Thursday, 1 January 2015

File Formats in Wild, Wild West - a review of eReaders for (not very) complex layouts

Having looked around at various ebook publishers, some common features emerged. Most supported the same set of distribution channels. All accepted MSWord manuscripts. Most could distribute in Kindle (AZW/Mobi, AZW3), Epub and PDF formats. And yet all had what seemed like Draconian formatting standards. Obviously I wasn't expecting any issues with a PDF as a final format, but I did expect that the other, HTML based formats, would have no trouble with a fairly restricted set of set of HTML with limited CSS – specifically:
  • H1, H2, H3 and H4 headings
  • Bold, italic and underlined normal text
  • A monospace text for code samples
  • PNG images (anchored as paragraphs)
In addition, having explicit page breaks at the top of each chapter was a nice to have.

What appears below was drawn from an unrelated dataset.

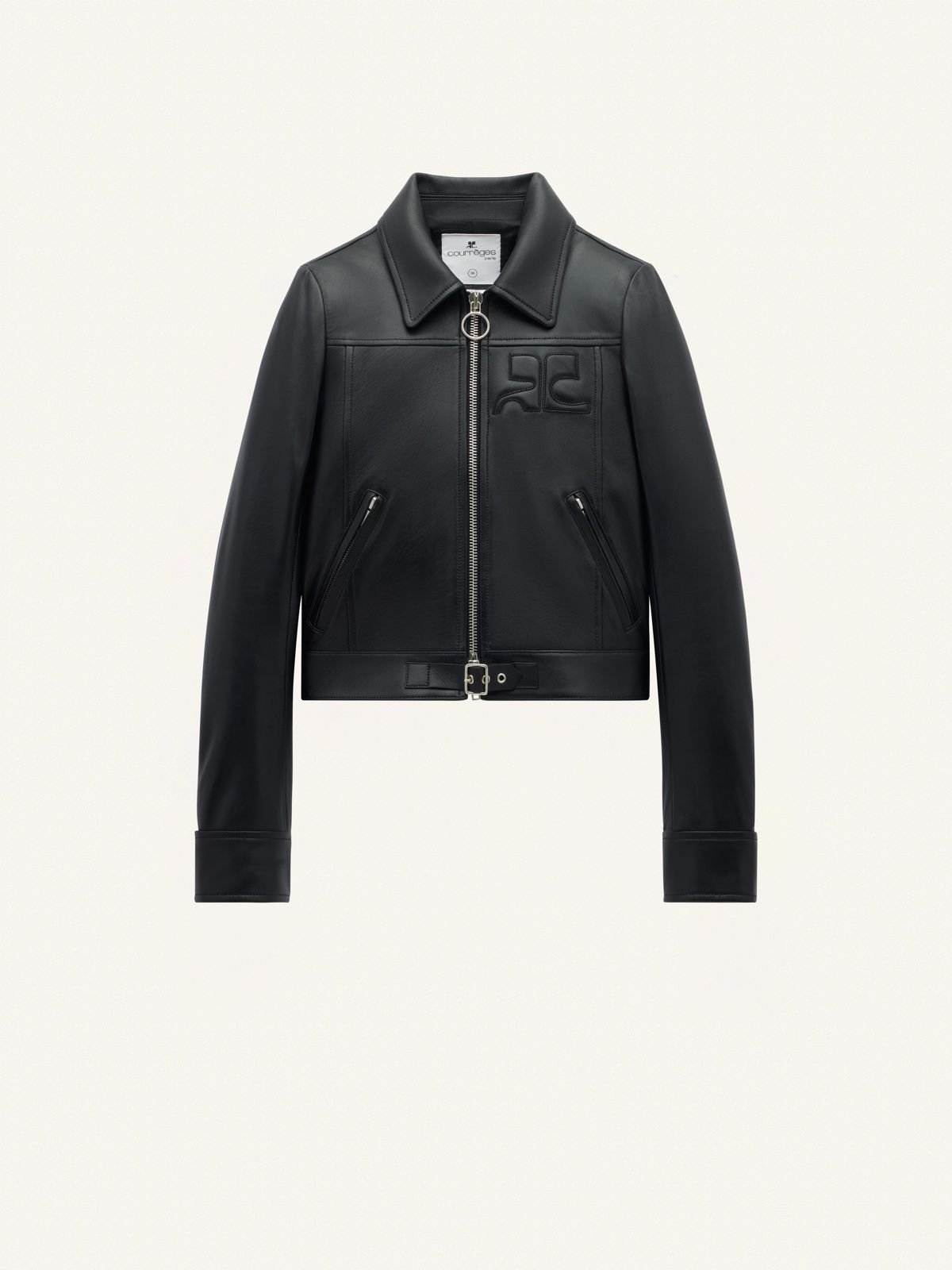 Шкіряна куртка прямої форми. Має велику блискавку спереду, дві кишені на блискавці та пряжку на талії.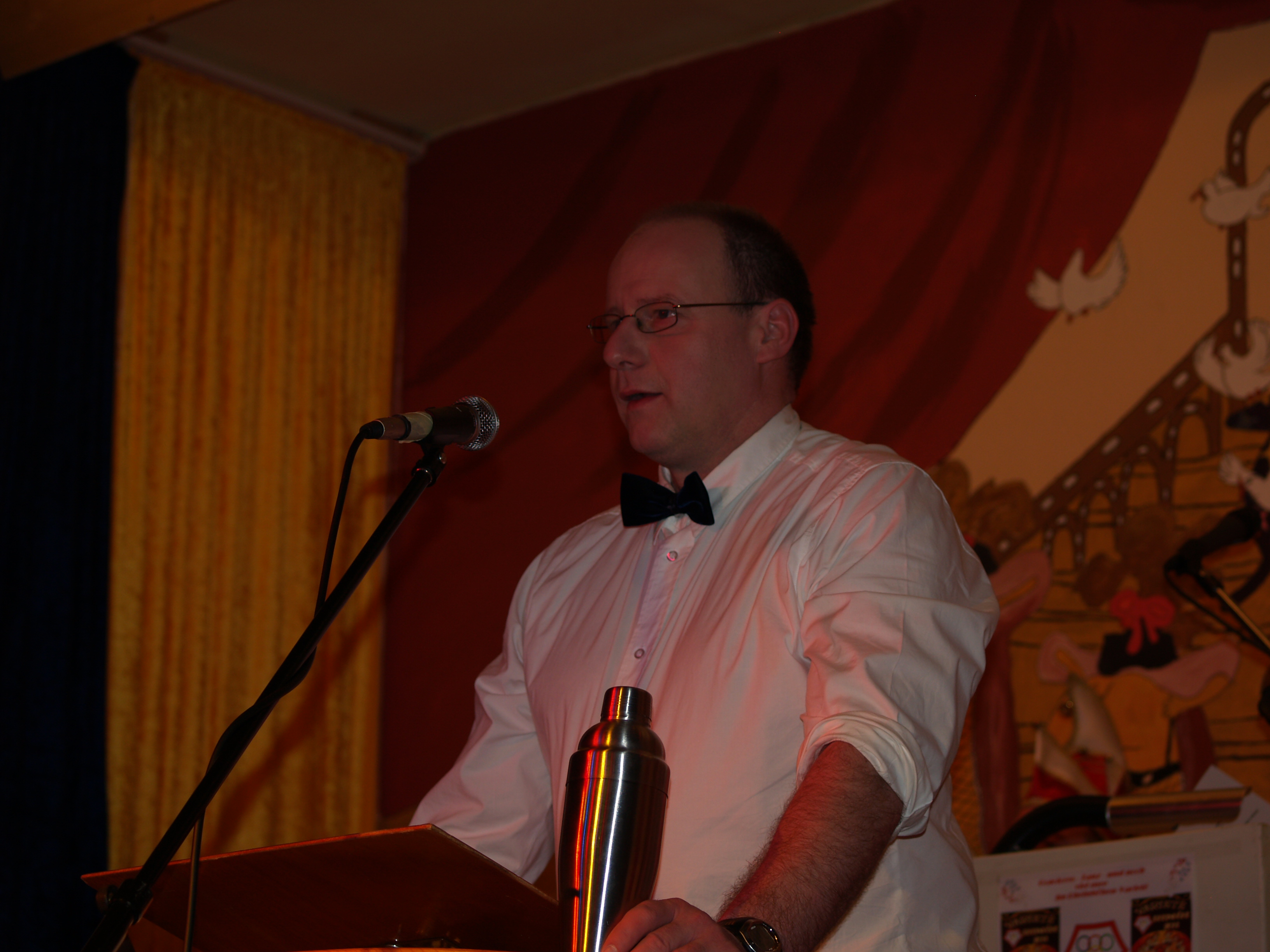 Doch nicht nur das Zwerchfell, auch die Narrenaugen wurden verwöhnt. Auf ein Medley der bekanntesten Lieder von Abba heizten die Highlights die Stimmung weiter an. Einen dampfend heißen Aufguss aus schrägem Witz und passender Komik, lieferten Jens Hüttner und Tobi Hölz, die im Adamskostüm die Bühne betraten , mit ihrem Vortrag „ Mensch ist das heiß" ab. Hoher Besuch klopfte nun an die Tür, die närrische Schaar erhob sich um das Oberweseler Prinzenpaar der KG Goubloch samt Garde zu empfangen. Hochprozentiges servierte Ulli Hastenplug als Barkeeper in der Bütt. Mit Geschichten zwischen Cognac und Pils zeigte er, dass der schönste Platz noch immer an der Theke ist. Im 17. Jahr live auf der Bühne, rissen die Mogweys das Publikum von den Bänken.

While Calibre seemed to cope with a reasonable conversion of the original OpenOffice manuscript, there was a lot of artefacts in the generated epub, and problems with image sizing. Rather than tinker directly with the epub or OpenOffice file, I exported the file as html from OpenOffice and set to cleaning it up. I was able to script most of this, but it still required hand editing to produce sensible, well-formed HTML (and to clean up the non-visible artefacts from OpenOffice, such as <I>unnecessarily</I><I> interrupted</I> <I>tags</i>). This approach had the desired outcome; converting the HTML to epub in Calibre eliminated all the conversion artefacts.

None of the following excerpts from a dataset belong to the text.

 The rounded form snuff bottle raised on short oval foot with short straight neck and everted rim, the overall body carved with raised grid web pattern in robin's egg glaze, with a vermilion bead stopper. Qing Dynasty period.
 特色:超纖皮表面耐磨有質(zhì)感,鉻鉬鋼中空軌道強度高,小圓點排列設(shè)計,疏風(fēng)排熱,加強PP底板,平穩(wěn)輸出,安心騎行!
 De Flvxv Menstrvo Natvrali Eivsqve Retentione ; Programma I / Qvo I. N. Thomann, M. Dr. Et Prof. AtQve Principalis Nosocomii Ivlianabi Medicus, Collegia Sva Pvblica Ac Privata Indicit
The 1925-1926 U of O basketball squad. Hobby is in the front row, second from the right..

I now had something I could proof read in an e-reader.

In my research, I saw very few technical ebooks. I soon found out the reason why. And the reason for the restrictive style guides. It seems that very few readers are capable of visually representing the layout defined in the file – despite the file format explicitly supporting the HTML elements. In short, they did not properly implement the file format they claimed. Indeed missing it by a wide margin in many cases.

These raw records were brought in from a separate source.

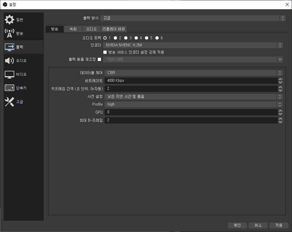 고급 설정은 OBS를 살짝 공부하고 건드는 게 좋습니다.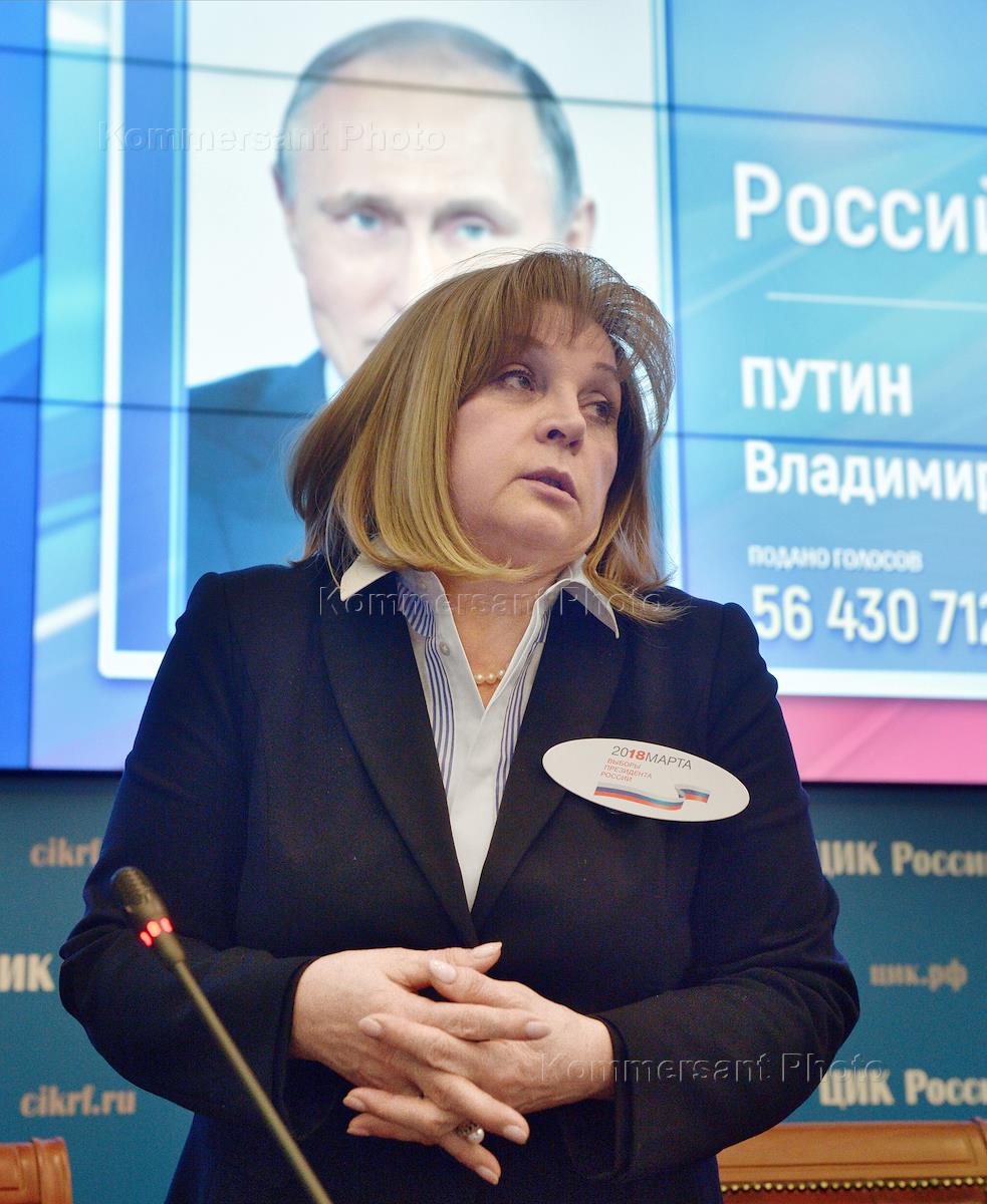 A meeting of the Central Election Commission (CEC) of Russia where the official results of presidential elections were announced. Chairman of CEC of Russia Ella Pamfilova during the meeting.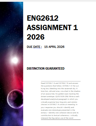 ENG2612 Assignment 1 Semester 1 2026 | Due 15 April 2026 – Distinction Guaranteed.  Read EXTRACT A and EXTRACT B and answer the questions that follow. EXTRACT A The sun hung low, bleeding into the savannah sky. A lone lion, old and wise, crouched in the shadow of an acacia tree, his golden eyes tracking the distant antelope. QUESTION ONE Write a well-developed analytical paragraph in which you critically examine how linguistic and stylistic choices in EXTRACT A construct meaning. In your response you should • identify and evaluate one stereotype presented in the extract, • identify one cohesion device and its contribution to textual coherence, • critically interpret the figurative use of the word “hunting”, paying attention to its symbolic and thematic significance. Your paragraph should integrate relevant linguistic terminology. 10 marks Read EXTRACT B and answer the question that follows EXTRACT B Belong We all want a place where we can belong, Where we can dance to our tune and sing our song. We want to be known, we want to be felt, And when they feel us, we want them to melt. QUESTION TWO In not more than 150 words, discuss how the writers in both EXTRACTS A and B use literary and linguistic devices to reflect the relationship between humans and their environment. 10 marks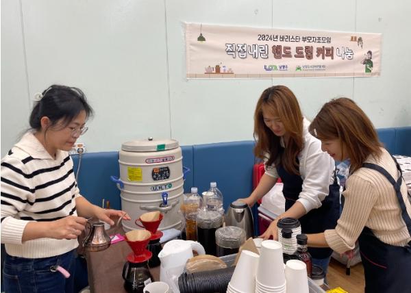 이날 행사에는 장애인 자녀를 둔 어머니로 구성된 바리스타 자조 모임이 드립커피, 매실차 나눔 카페테리아를 운영하고, 캘리그라피 자조 모임이 켈리그라피 방향제 만들기 체험을 운영하여 풍성함과 즐거움을 더했다.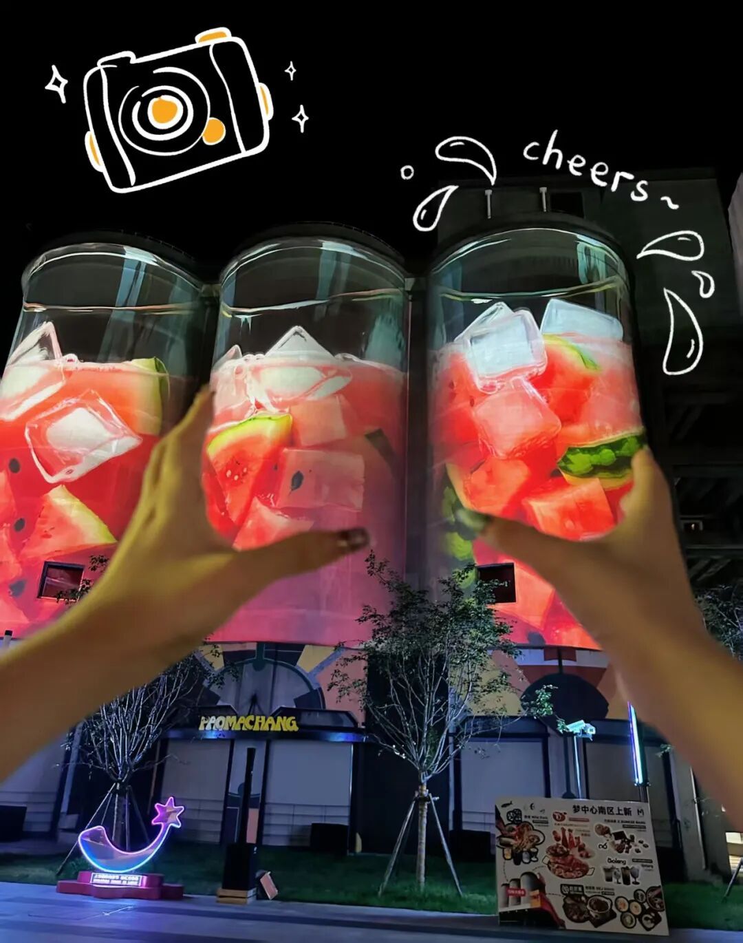 穿过“雾光森林”,小砼仓投影秀《治愈能量罐》会给你一份小惊喜:可爱萌宠、甜点、饮品在砼仓里随机“掉落”,云“吸”毛茸茸的小家伙,瞬间被幸福感包围。

Here is a sample of the programs I tried on my Lenovo Yoga 10 (Android):
name Monospace
sans font? serif font? borders
on divs?
backgrounds notes
Moon+ eReader no no yes no sort of unexpected page breaks injected
Aldiko Reader no no yes no no unexpected reformatting of paragraphs
FB reader no yes no no no
eBook reader
by Vadim Lopatin
yes no yes no no
eBook reader
no no yes yes no
eReader Prestigious no no yes no no random blocks of whitespace,
particularly adjacent to imgs
epub reader
yes yes yes yes yes no margins, poor kerning and difficult navigation
UB reader yes yes yes yes yes does not ALIGN=CENTER
eBook reader
yes yes yes yes yes Does not pre-render prev/next pages
making turning pages slow and disconcerting.
Like UB reader, does not ALIGN=CENTER
Gitden Reader yes yes yes yes yes seems to be making its own mind up about image sizes
but making sensible choices. Otherwise strong
compatability and mathml support

(I was unable to open books stored on the local filesystem using Scribd or Kindle)
Overall, Gitden reader stood out as the most capable eReader for rendering layouts, with UB reader in a close second.
Although all were able to visually represent different header levels, the problems with fonts, borders and backgrounds meant that I have had to use all three techniques to have a reasonable chance that code samples will be visually different from body text in the rendered document.